お伊勢参り

 伊勢神宮に詣でる。名古屋駅を11時30分に出る快速列車に乗り,90分で伊勢市へ。駅のコインロッカーに荷物を預け,外宮(げくう)へ。門前の飲食店に入り,名物「伊勢うどん」で昼食にする。知人は,これを評して「江戸時代のジャンクフード」と言っていたが,なるほどなぁと思う。

 外宮から内宮(ないくう)へはバスで移動。終点の停留所まで乗ると410円だが,その手前の停留所で降りれば320円。わずか100mの距離で料金が跳ね上がるのは賢いというべきか,狡猾と憤るべきか……。
 随分と混み合っているのでどうしたのかと思ったら,折しも神嘗祭(かんなめさい)の当日でした。
 足を運んでみて思ったのは,どうして伊勢が神宮の本拠地とされたのか。表面的には,次のように説明されます。
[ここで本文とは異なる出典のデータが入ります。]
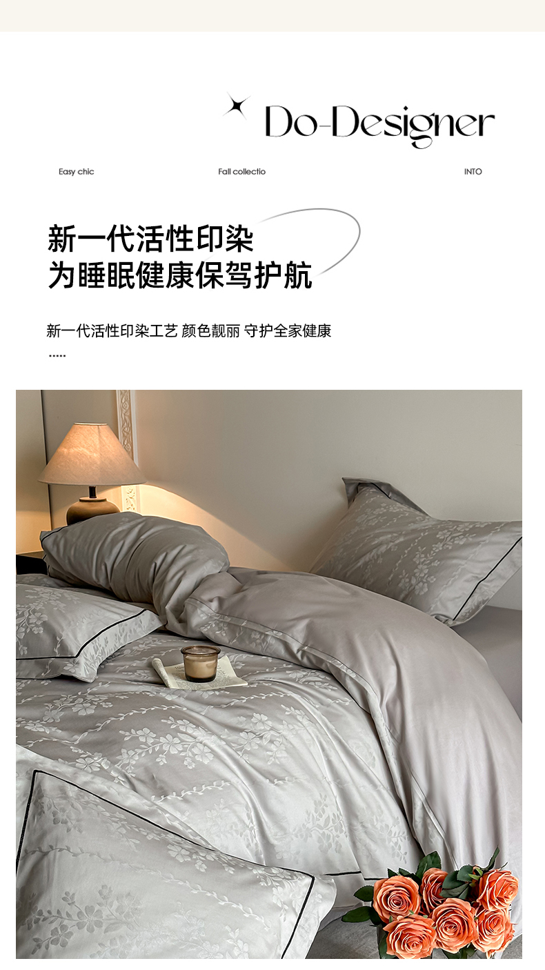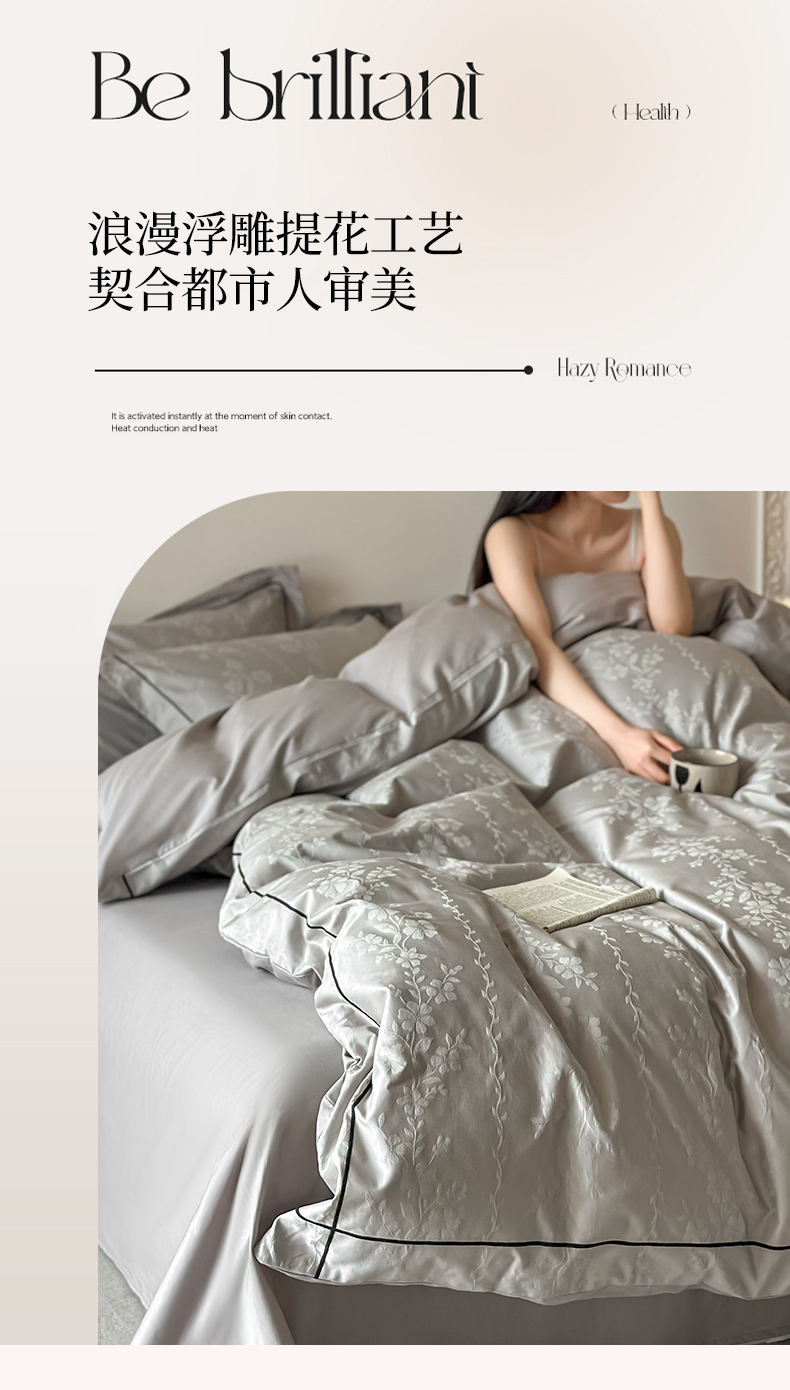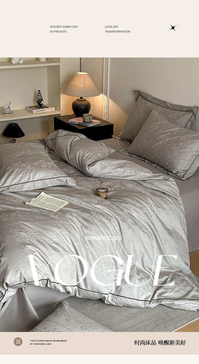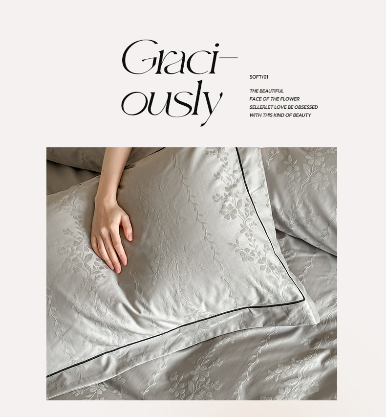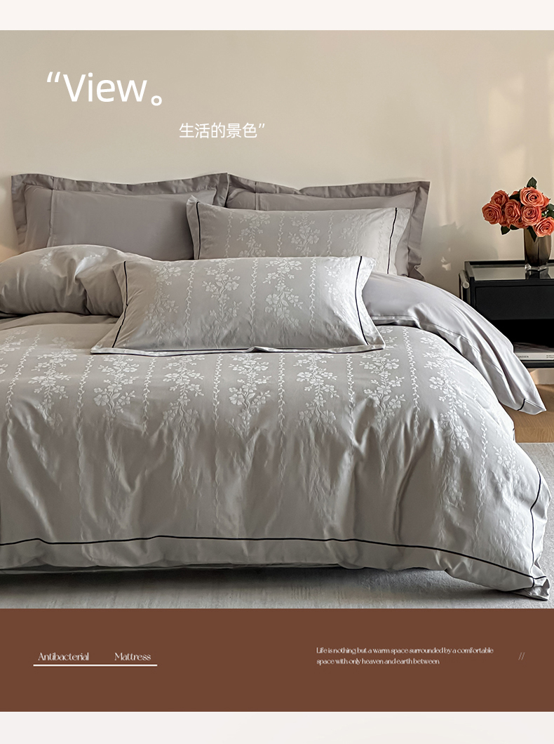 商品名称:首尔家纺 2026新款浮雕提花色织全棉四件套 花蔓-高级灰
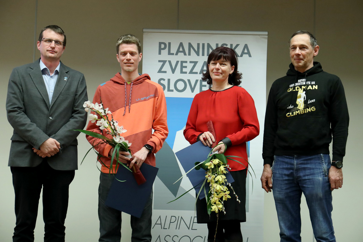 Najuspešnejši turni smučar 2017 Nejc Kuhar in Marta Svoljšak, mama najuspešnejšega lednega plezalca Janeza Svoljšaka, s predsednikom PZS Bojanom Rotovnikom in članom Komisije za Gorske športe PZS Andrejem Pečjakom (foto Irena Mušič Habjan)
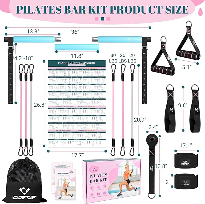- [COFOF Pilates Resistance Bar Kit]: Our portable pilates bar kit includes 3 sections of screwed steel pipes, 6 resistance bands can be replaced & combined, 2 handles with soft high-density padding, 2 foot straps, 1 door anchor, 2 Ankle Straps, and 1 portable bag. We provide pilates bar workout posters and detailed instruction. Any questions about quality or use method, we will quickly provide you with an answer. Your complete satisfaction is our ultimate goal.
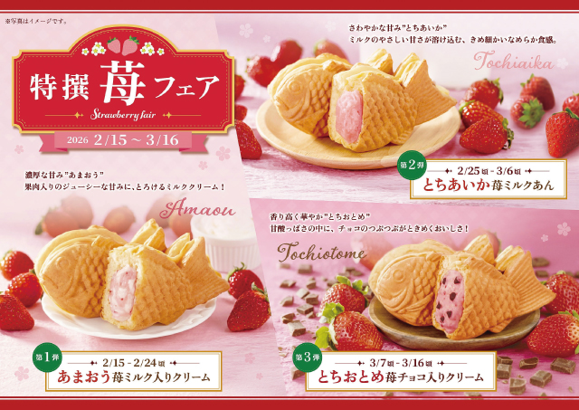 約10日ごとに期間限定の苺たい焼きが登場!
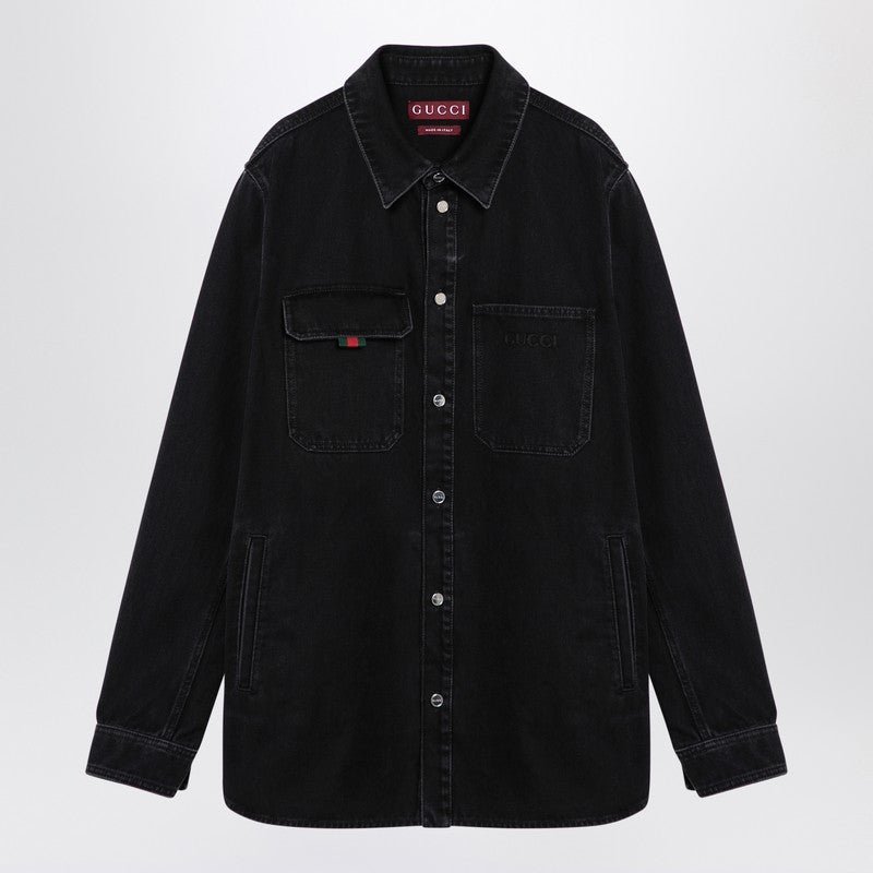 Dark grey cotton denim shirt from Gucci featuring a classic collar, long sleeves with buttoned cuffs, a patch pocket on the chest with lettering logo embroidery, a patch pocket on the chest with flap and green/red/green web ribbon detail, a front button placket, two side welt pockets and a regular fit. Model wears size 52 IT Model measurements: Height: 187 cm Chest: 102 cm Waist: 76 cm Hips: 92 cm

 垂仁(すいにん)天皇の御代*1に至って,倭姫命(やまとひめのみこと)が新たに皇大御神をお祭り申し上げるにふさわしい地を求められることになりました。
 倭姫命は大和の国を始め伊賀,近江,美濃の諸国を巡られましたのち,伊勢の国の度会(わたらい)の地,宇治の五十鈴川の川上に到られ,皇大御神のお教えのままに「祠(やしろ)」をたててお祭り申し上げることになりました。
http://www.isejingu.or.jp/naigu/naigu.htm

確かに風光明媚な地で景観は美しいのですが,どうにも地政学的に重要な場所とは感じられない。交通の要所ではないし,周辺に人口を抱えているわけでもない。国家権力の重要な機能である祭祀部門を配置するからには,この場所でなければならない理由があったのだろうと思うのだけれど……。察するに,千田稔『伊勢神宮――東アジアのアマテラス』(ISBN:412101779X中公新書)が疑問に答えてくれそうだ。
 帰りは,近鉄の津駅で下車。駅構内のドーナツ店で休憩した後,バスでフェリーターミナル(津みなとまち)へ。乗客は2人。船でセントレアへ向かう(所要40分)。乗客は12人。燃料費も捻出できないのではないかと心配になる。

*1:第11代の垂仁天皇は,在位が紀元前29年〜紀元後70年とされる。